The open-source alternatives split into two camps. Infrastructure-heavy platforms like Kubeflow and Ray require you to provision and manage your own clusters but give full control over the deployment environment. Developer-focused frameworks like Metaflow, Kedro, and BentoML run locally or on existing infrastructure with lighter operational overhead. Weights & Biases sits in between as a SaaS layer that connects to any compute backend. Teams moving away from Vertex AI typically combine two or three tools: a training framework, an orchestrator, and a serving platform.
Pricing Comparison
| Platform | Pricing Model | Starting Cost | Training Cost | Notes |
|---|---|---|---|---|
| Vertex AI | Usage-Based | $0.08/hr (Workbench) | $0.49/node-hr (standard), $3.15/node-hr (AutoML) | Prediction from $0.0612/node-hr |
| Amazon SageMaker | Usage-Based | $0.04/hr (small instance) | $0.40-$9.60/hr (varies by instance) | Deep AWS integration |
| Weights & Biases | Freemium | $0/mo (Free) | $60/mo (Pro) | Tracking and experiment management |
| Kubeflow | Open Source | $0 (self-hosted) | Infrastructure costs only | Requires Kubernetes expertise |
| Ray | Open Source | $0 (self-hosted) | Infrastructure costs only | Anyscale offers managed option |
| Metaflow | Open Source | $0 (self-hosted) | Infrastructure costs only | Runs on AWS or local |
| BentoML | Open Source | $0 (self-hosted) | Infrastructure costs only | BentoCloud for managed serving |
| TensorFlow | Open Source | $0 | Infrastructure costs only | Full ecosystem included |
| Kedro | Open Source | $0 | Infrastructure costs only | Framework layer, not compute |
Managed platforms like Vertex AI and SageMaker carry higher direct costs but eliminate infrastructure management. Open-source tools shift that cost to engineering time for setup and maintenance.

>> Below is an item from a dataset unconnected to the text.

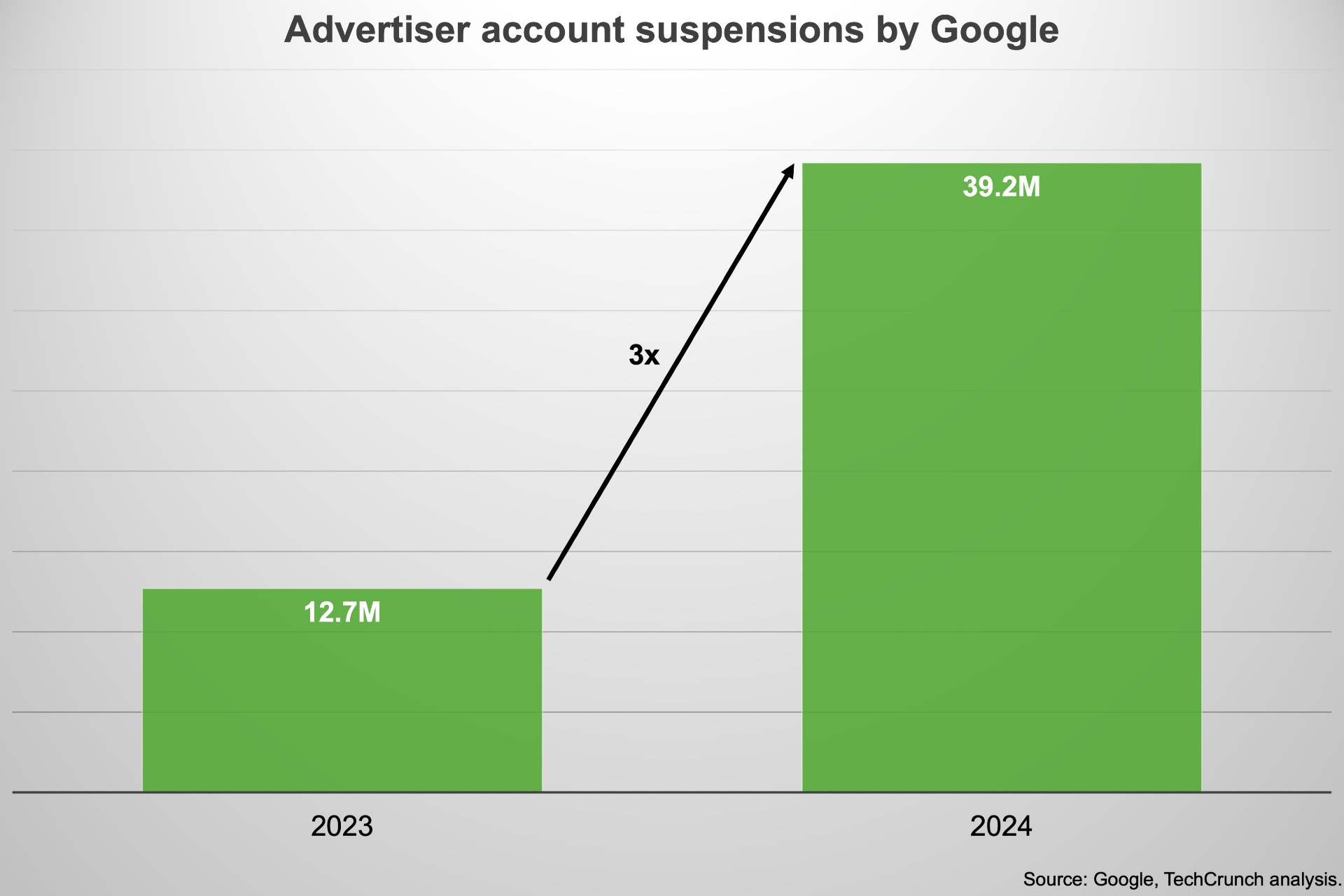 Google on Wednesday said it suspended 39.2 million advertiser accounts on its platform in 2024 — more than triple the number from the previous year — in its latest crackdown on ad fraud.

When to Switch from Vertex AI
Consider switching when GCP lock-in limits your deployment flexibility or when Vertex AI's usage-based pricing exceeds your budget as workloads scale. Teams that need multi-cloud portability, prefer self-hosted infrastructure for compliance reasons, or find that Vertex AI's managed abstractions hide too much control should explore the alternatives above. If your team primarily needs experiment tracking rather than full MLOps, a focused tool like Weights & Biases paired with open-source training frameworks will likely reduce both cost and complexity.
Migration Considerations
Moving off Vertex AI requires planning around three areas: data, models, and pipelines. Model artifacts trained on Vertex AI typically export as standard formats (SavedModel, ONNX) that work across platforms. Pipeline definitions need rewriting since Vertex AI Pipelines uses a proprietary SDK, though Kubeflow Pipelines shares a similar KFP interface. Data stored in BigQuery or GCS will need connectivity from your new platform. We recommend a phased migration: start by running experiment tracking externally with W&B, then move training workloads, and finally shift serving infrastructure. Budget four to eight weeks for a medium-complexity migration.